**Data records**.
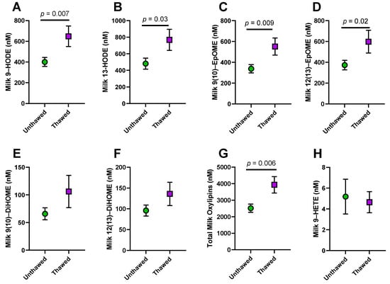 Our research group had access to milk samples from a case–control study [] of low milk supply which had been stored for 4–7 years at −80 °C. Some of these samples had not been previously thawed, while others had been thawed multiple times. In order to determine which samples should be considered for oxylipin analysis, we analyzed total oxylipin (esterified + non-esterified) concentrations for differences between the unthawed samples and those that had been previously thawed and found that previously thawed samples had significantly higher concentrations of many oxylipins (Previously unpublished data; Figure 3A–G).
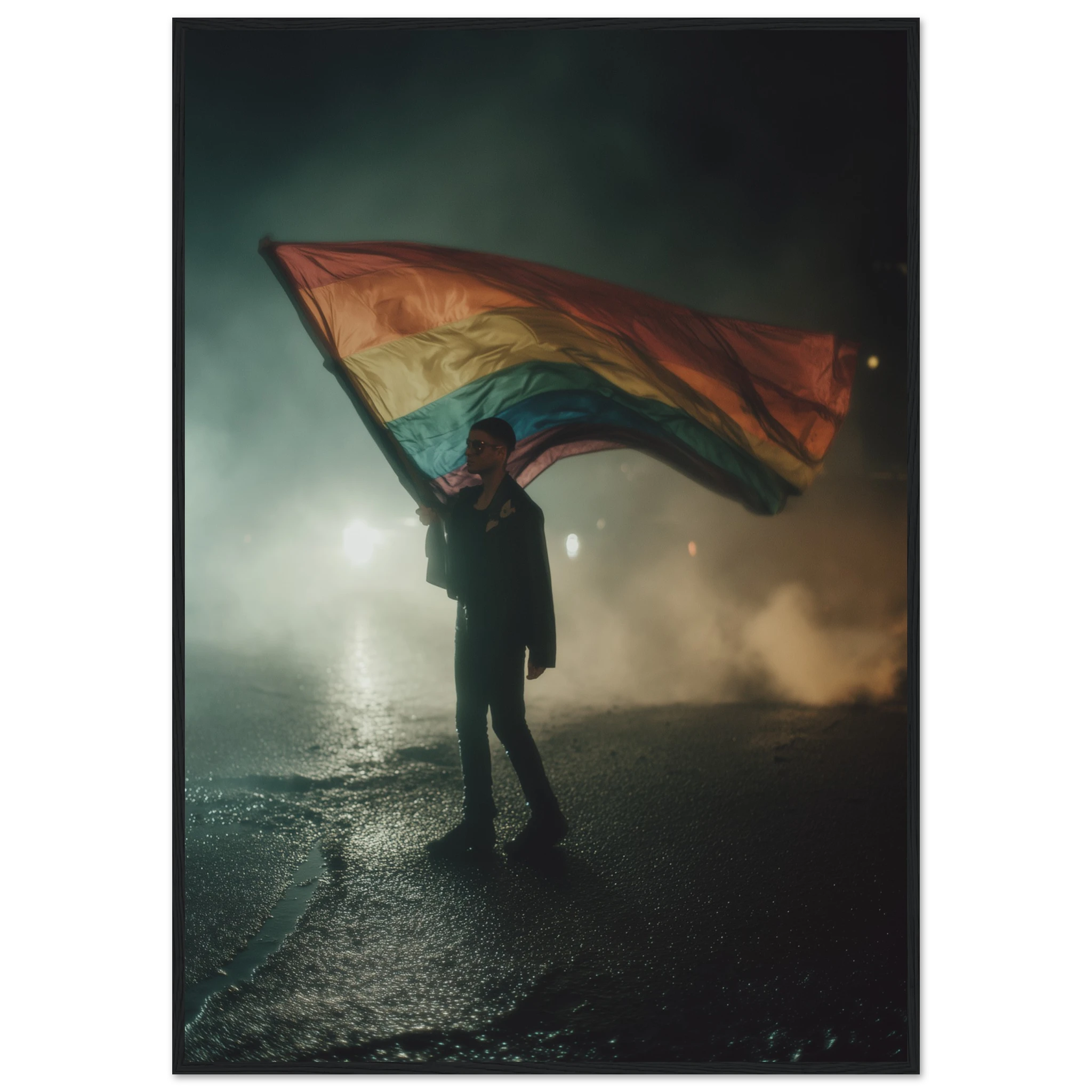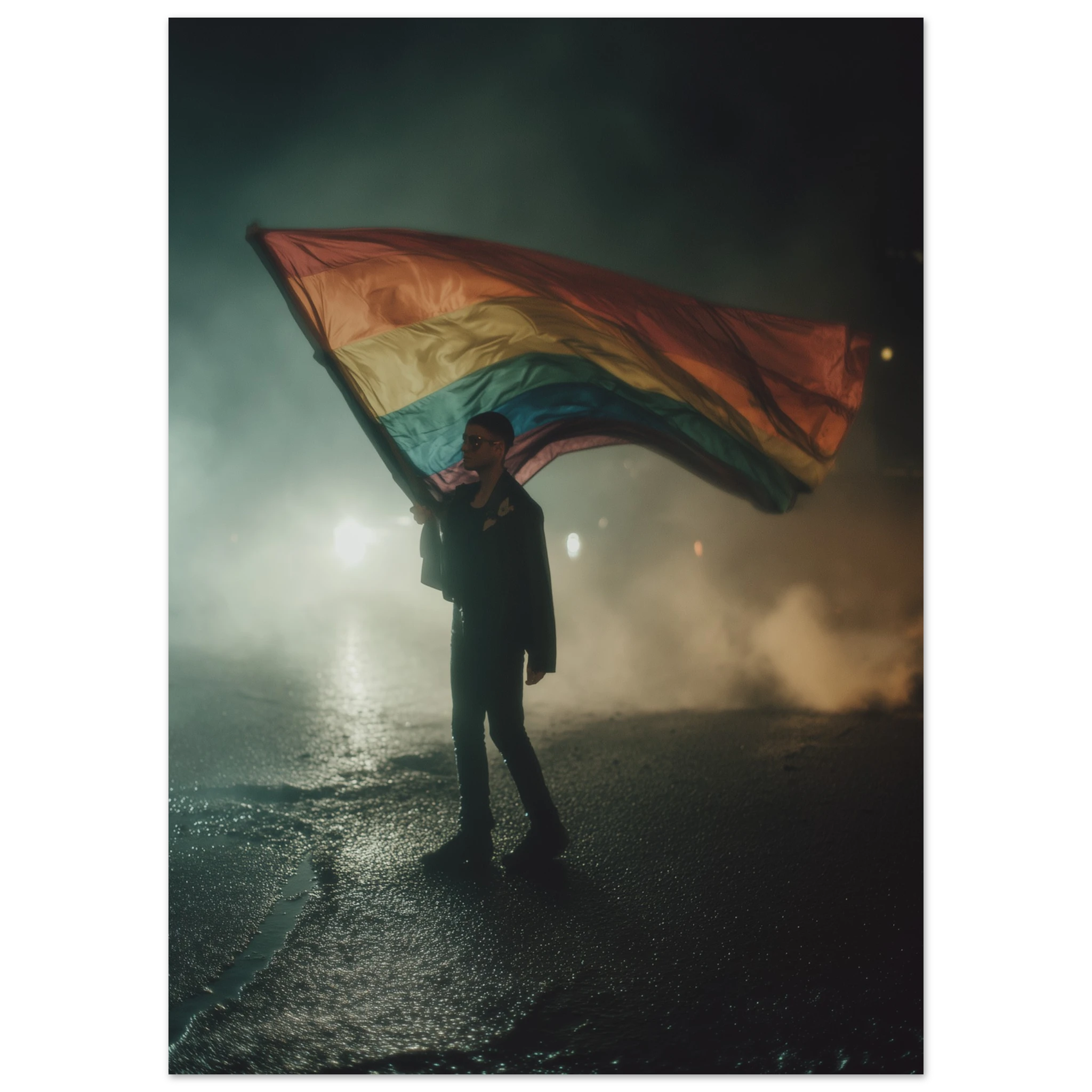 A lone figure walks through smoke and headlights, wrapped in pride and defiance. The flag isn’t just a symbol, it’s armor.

---

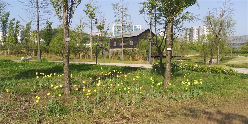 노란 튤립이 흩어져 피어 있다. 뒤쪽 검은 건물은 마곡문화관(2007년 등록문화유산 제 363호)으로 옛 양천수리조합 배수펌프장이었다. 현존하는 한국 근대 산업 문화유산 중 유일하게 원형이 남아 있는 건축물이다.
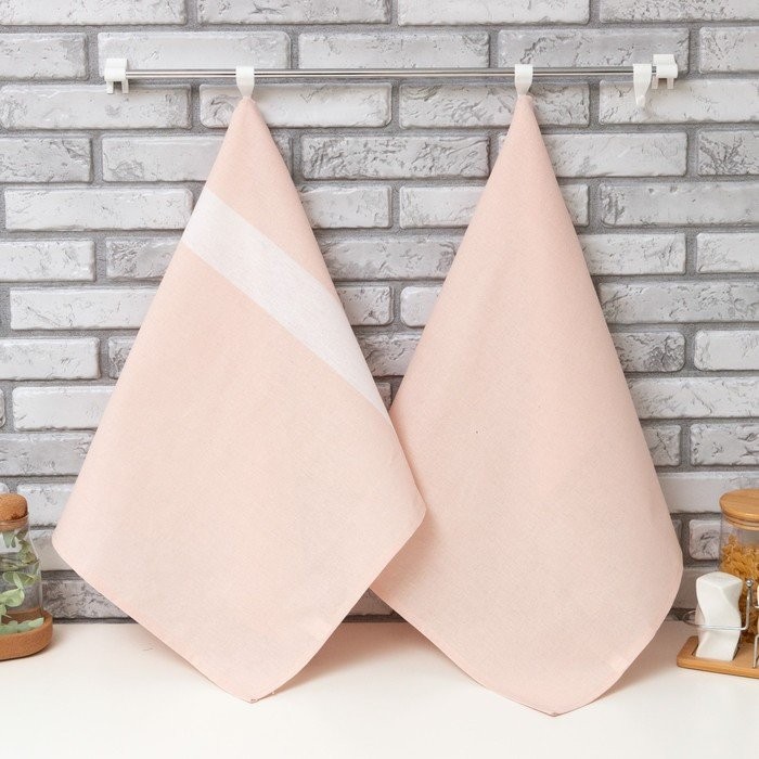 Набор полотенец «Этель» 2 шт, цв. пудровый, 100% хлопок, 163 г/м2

**About this task**.
Copy out the lines above from the line containing "Our research group" through the line containing "A lone figure", exactly, and keep the pictures out.

**Solved problem**.
 Our research group had access to milk samples from a case–control study [] of low milk supply which had been stored for 4–7 years at −80 °C. Some of these samples had not been previously thawed, while others had been thawed multiple times. In order to determine which samples should be considered for oxylipin analysis, we analyzed total oxylipin (esterified + non-esterified) concentrations for differences between the unthawed samples and those that had been previously thawed and found that previously thawed samples had significantly higher concentrations of many oxylipins (Previously unpublished data; Figure 3A–G).
 A lone figure walks through smoke and headlights, wrapped in pride and defiance. The flag isn’t just a symbol, it’s armor.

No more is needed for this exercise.